Editorial: Hans Weigert and Asia-Pacific Balancing

By Francis P. Sempa

A WWII-era geographical pattern points the way to a successful U.S. strategy for the Asia-Pacific.

In 1957, Hans W. Weigert, then a professor at Georgetown University, and five colleagues wrote Principles of Political Geography, which attempted to show “the interrelationship and the blending of political and geographic factors in power relations” across the globe. Although it was written at a time when the United States and the West faced the Sino-Soviet bloc based in the geographical “heartland” of the Eurasian land mass, Weigert’s analysis of the geographical features of the East Asian coast and its marginal seas continues to have relevance to current international relations, especially the ongoing struggles for power in the South China Sea and U.S. efforts to either contain China or act as an offshore balancer of the Asia-Pacific region.
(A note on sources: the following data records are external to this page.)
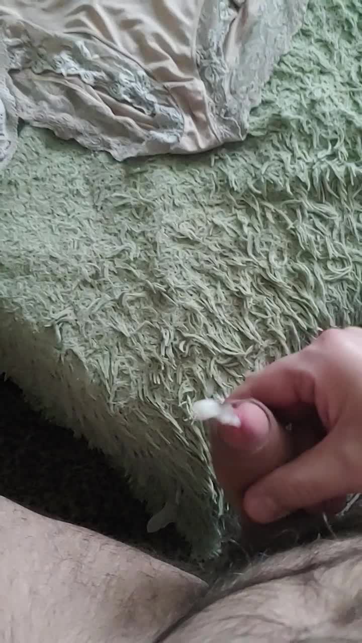 Когда моя женщина уезжает по работе надолго, я онанирую на ее трусики.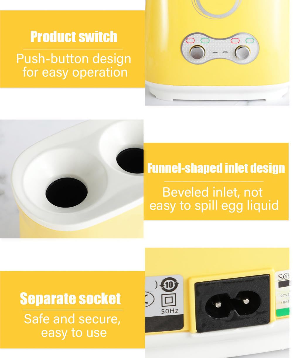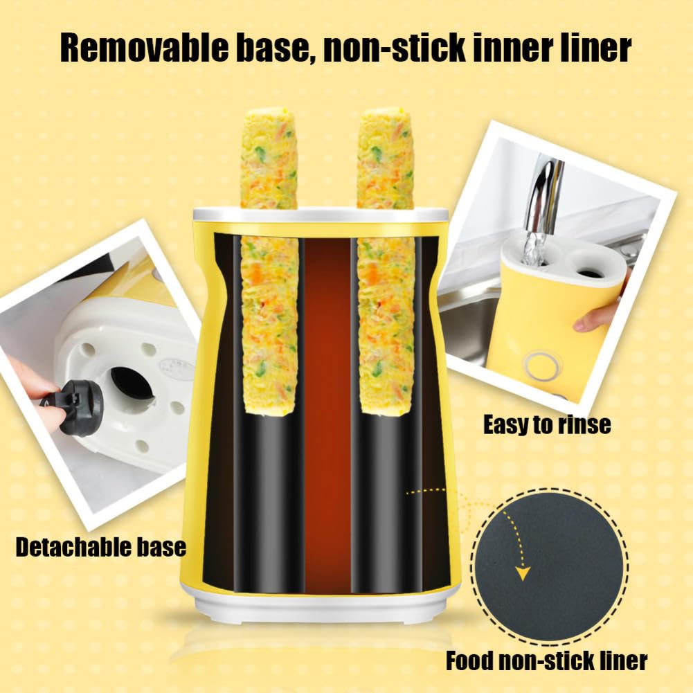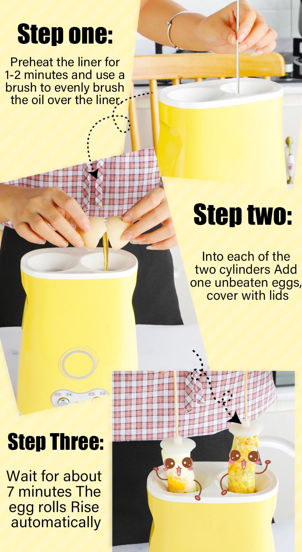 ✨【DELICIOUS EGG HOT DOG】After powering on, just add the right amount of cooking oil (you can add salt according to taste), stir it up and down with the oil brushing lever, then beat the eggs into the egg dispenser and insert a hot dog, wait for a few minutes. In about 7 minutes or so, the delicious egg rolls will pop up for you to enjoy pure egg omelettes.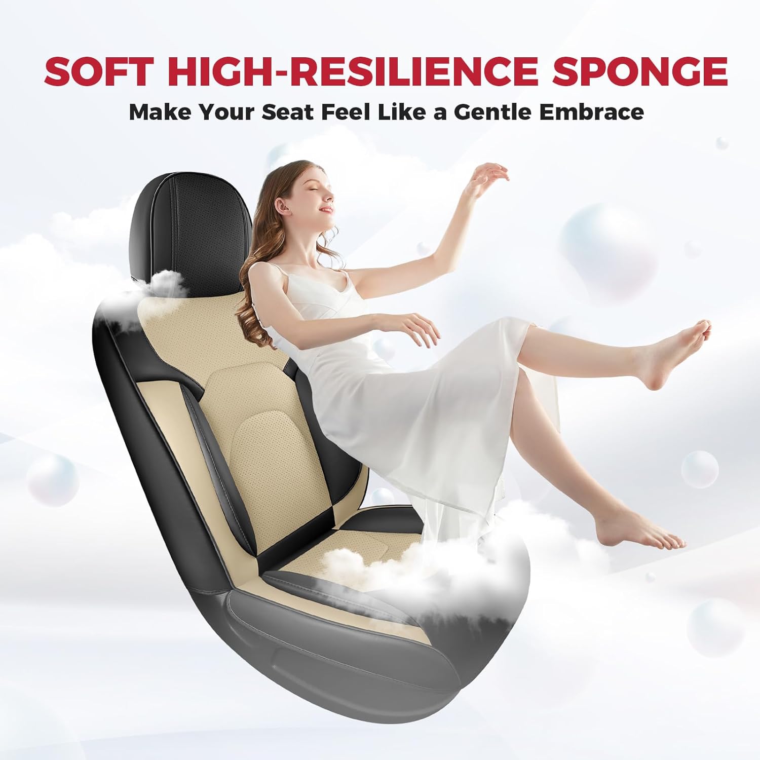 - [Comfortable Experience] Crafted with high-resilience sponge, these car seat covers are as soft as a hug, ensuring long drives without fatigue and maintaining their shape even after extended use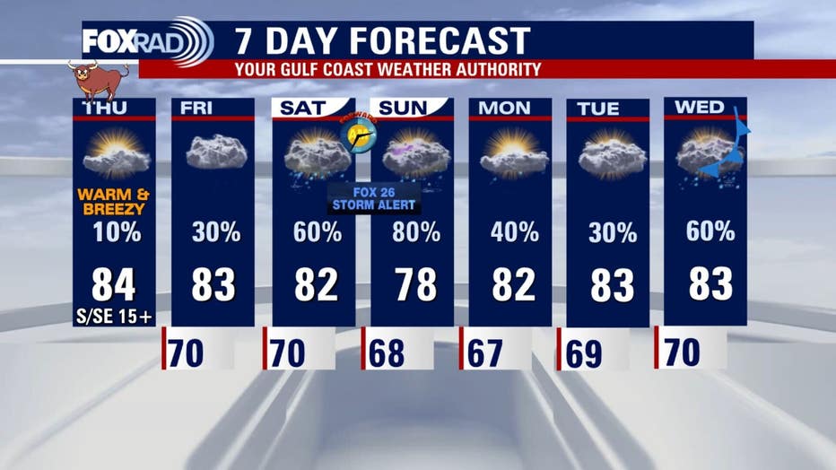 HOUSTON - Southerly flow from the Gulf keeps Southeast Texas unseasonably warm and sticky through the end of the work week. We're keeping an eye on storm chances this weekend.
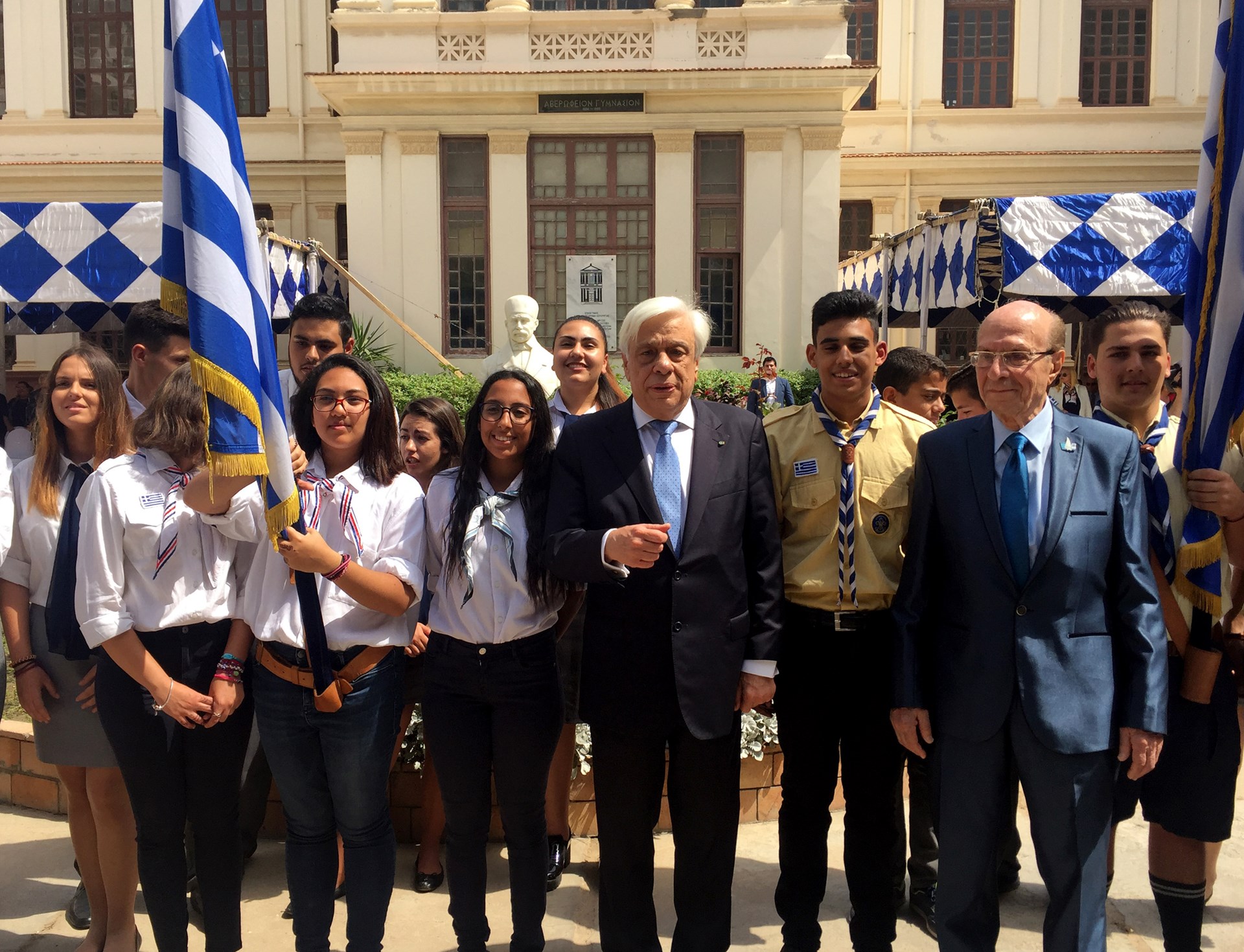 Με ελληνικές σημαίες στα χέρια και την ανάκρουση των εθνικών ύμνων της Ελλάδας και της Αιγύπτου, η Ελληνική Κοινότητα Αλεξανδρείας υποδέχτηκε σήμερα θερμά τον Πρόεδρο της Ελληνικής Δημοκρατίας κ. Προκόπη Παυλόπουλο, στο ιστορικό Ελληνικό Τετράγωνο του Σάτμπι.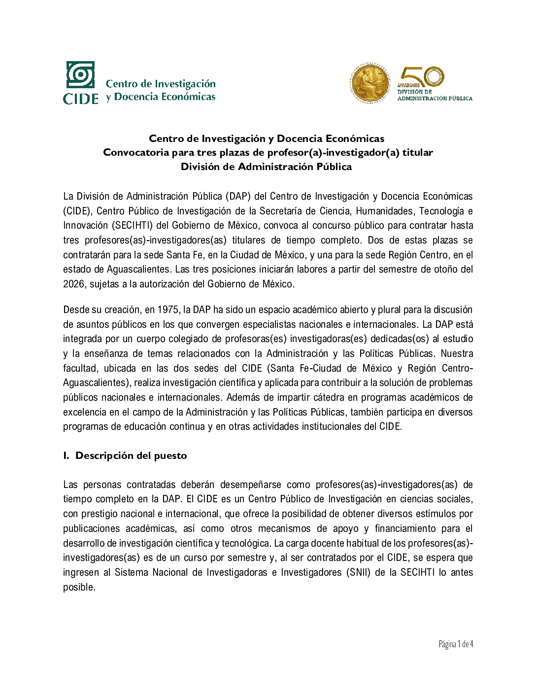 Convocatoria para tres plazas de profesor(a)-investigador(a) titular División de Administración Pública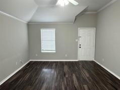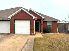 Cute 3 bedroom, 2 bath duplex near downtown Aubrey! This unit features an open floor plan, luxury vinyl plank throughout the home, and a decent-sized backyard. The unit also has a 1 car garage with a shared driveway. Primary bedroom includes a walk-in closet and an ensuite bath. Refrigerator included. Property has quick and easy access to US-377 & downtown Aubrey. Aubrey ISD.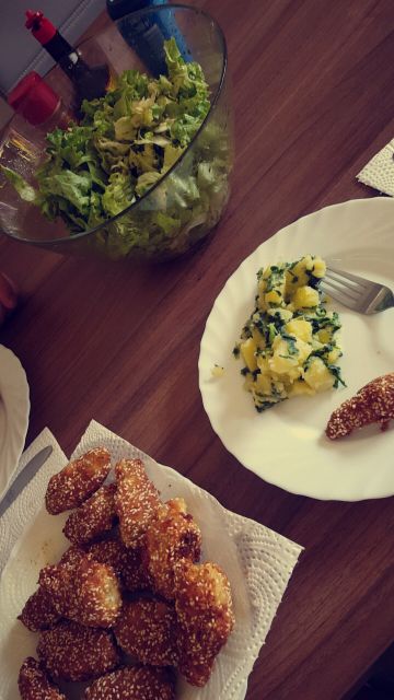 ocvrte piščančje perutke s sezamom in krompir z blitvo..
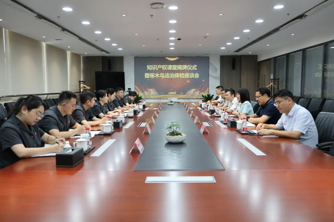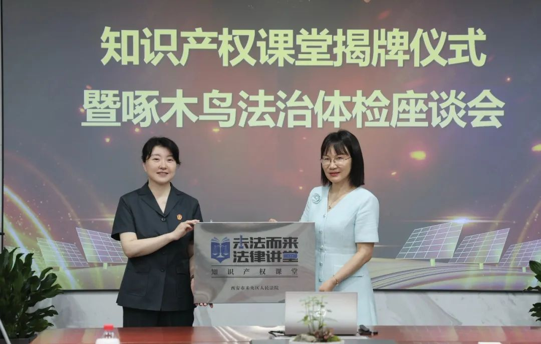 未央法院党组书记、院长李宝玲,隆基绿能公司董事、副总裁刘学文共同为“‘未’法而来·法律讲堂”之“知识产权课堂”揭牌。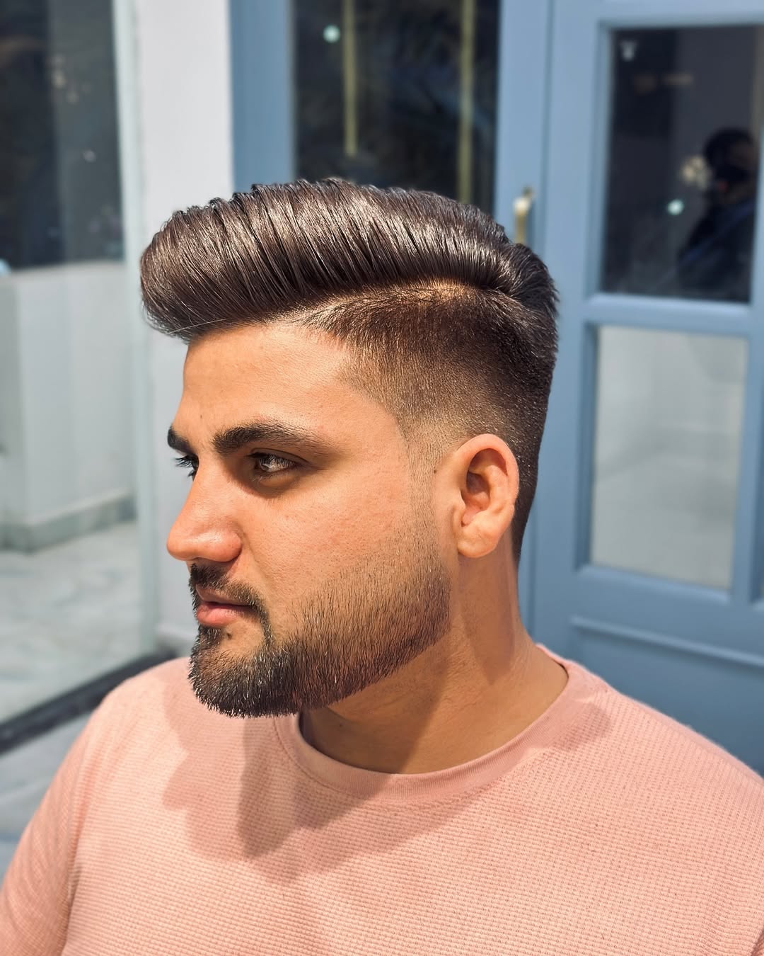 Fade Pompadour Haircut – It is a trendy blend of old-fashioned class and modernity, making it one of the most popular hairstyles among men at the moment. This modern form of the classic pompadour of the 1950s, with a clean fade on the sides and back, maintains the classic appearance with a modern twist, a particular hairstyle made famous by such celebrities as Elvis Presley and James Dean. The top of the hair is thick and swept back, forming a huge volume, which fades in the shorter length, creating a sharp opposition and smooth end.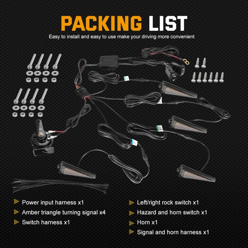 - Package Includes: The turn signal kit comes with an upgraded wire harness length that can accommodate vehicles up to 220 inches long. Color lines are marked on the corresponding installation location, making installation more efficient. The kit includes all necessary accessories, including amber turning signal lights x4, 110db horn x1, left/right rocker switch x1, hazard, horn switch x1, harness set x1, relay x1, nylon cable ties set x1, and an installation guide x1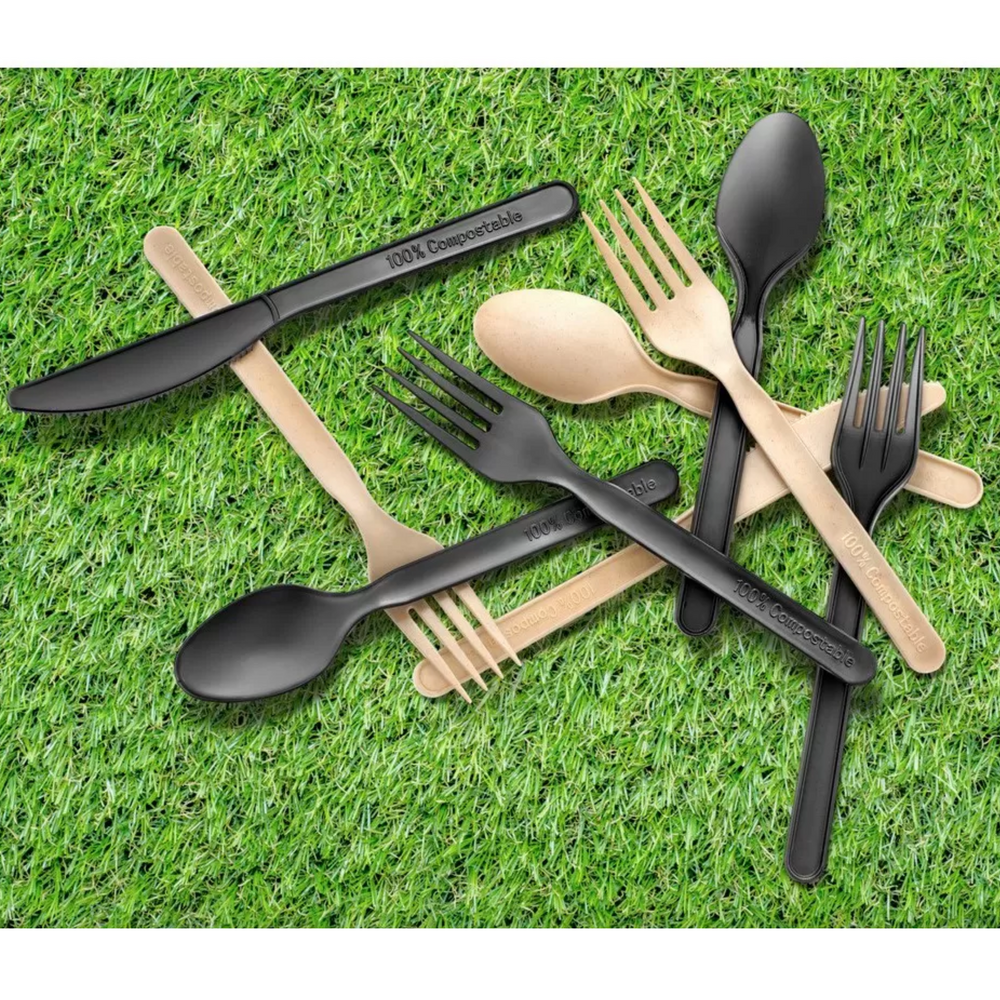 Cucchiai compostabili CPLA neri, posate biodegradabili eleganti, cucchiai neri 15cm ecologici, cucchiai monouso sostenibili, posate monouso per catering green, cucchiai in bioplastica compostabile, cucchiai take-away eco, cucchiai per dessert compostabili, cucchiai eleganti biodegradabili, posate ecologiche per eventi.
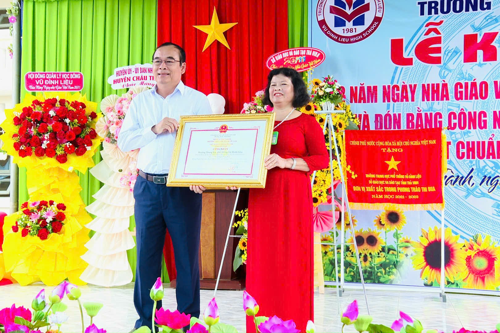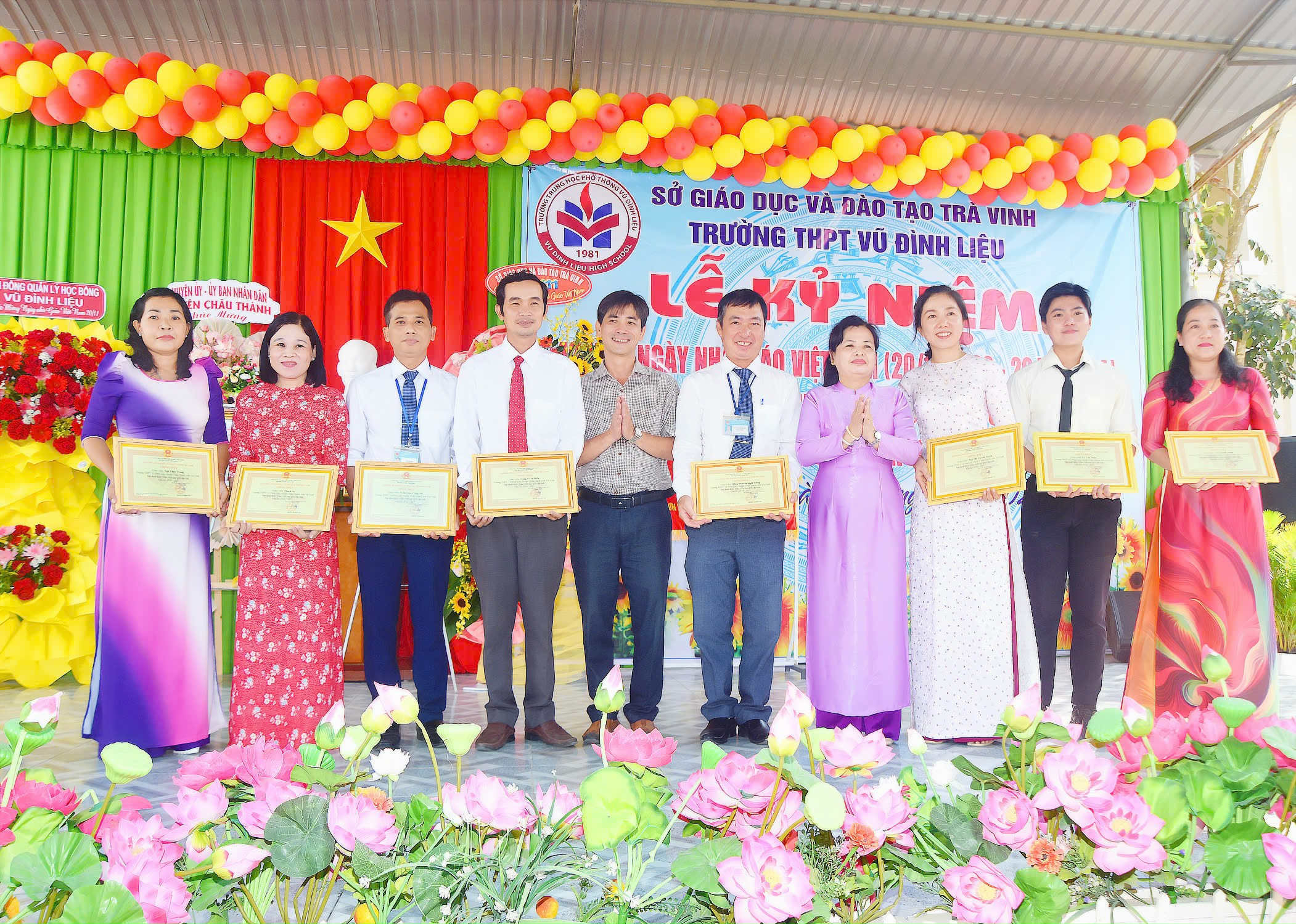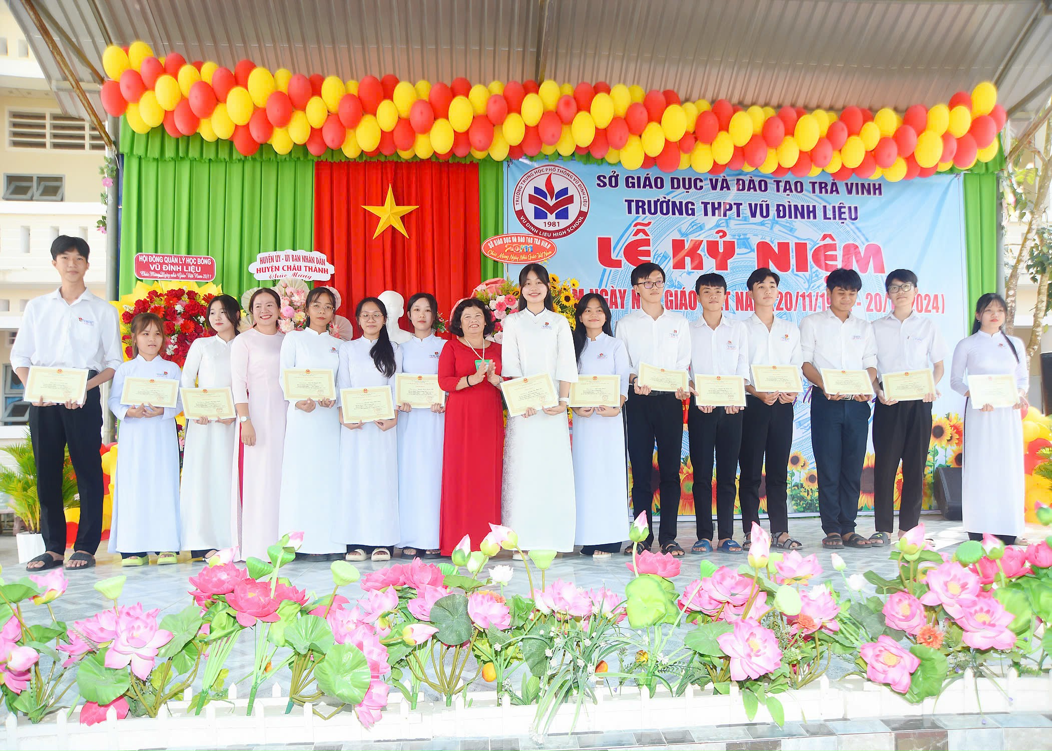 Đặc biệt Lễ nhà giáo năm nay có sự khác biệt hơn,đánh dấu sự phát triển đột phá Đảng bộ và tập thể nhà trường với niềm vinh dự và tự hào đón nhận Bằng kiểm định chất lượng giáo dục mức độ 3 và Bằng công nhận trường đạt chuẩn quốc gia mức độ 2, cùng với những hoạt động thi đua sôi nổi của thầy và trò trường THPT Vũ Đình Liệu lập thành tích chào mừng Đạĩ hội Đảng các cấp trong tỉnh nhiệm kỳ 2025-2030 và tiến tới chào mừng Đại hội Đảng toàn quốc lần thứ XIV nhiệm kỳ 2026-2031.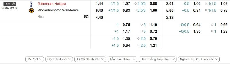 - Kèo tỷ số bóng đá hiệp 1: Tottenham Hotspur 1-0 Wolverhampton Wanderers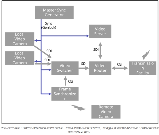 專業攝像機是工作室制作的核心,其性能依賴于精確的同步。以下是同步在典型攝像機設置中的級聯方式:

Weigert was born in 1902 in Berlin, Germany. Originally a lawyer, in 1938 he fled Germany for the United States as war clouds gathered over Europe. He went on to teach at Trinity College, Carleton College, and the University of Chicago. During the Second World War, Weigert wrote a book on German geopolitics, Generals and Geographers: The Twilight of Geopolitics (1942), which analyzed the writings of Karl Haushofer and other German geopoliticians, and edited a symposium on geopolitics entitled Compass of the World (1944). He also wrote articles and reviewed books on geopolitics and international relations in The Saturday Review, Foreign Affairs, and Harper’s Monthly. After the war, Weigert served with the U.S. military government and High Commission in Germany.

Weigert’s geographical pattern of the East Asian coast in Principles of Political Geography focused on the location of marginal seas and narrow waterways that, he wrote, “rank high among the geographical foundations of political and military power.” These marginal seas and narrow straits, he explained, “control vital sea communications of the world and are likely to be pivotal areas in any conflict” between East Asian land powers and Western sea powers. So long as the sea powers maintain “intermediate bases” along the East Asian coast, “they function as a cordon sanitaire” of Asian mainland powers. If, however, the sea line of communications is breached by Asian coastal land powers, “the entire peripheral strategy” of the United States “would be endangered.” “The development of air power,” Weigert explained, “has not reduced the importance of these sea and communications focal points, but it has made them more difficult to defend.”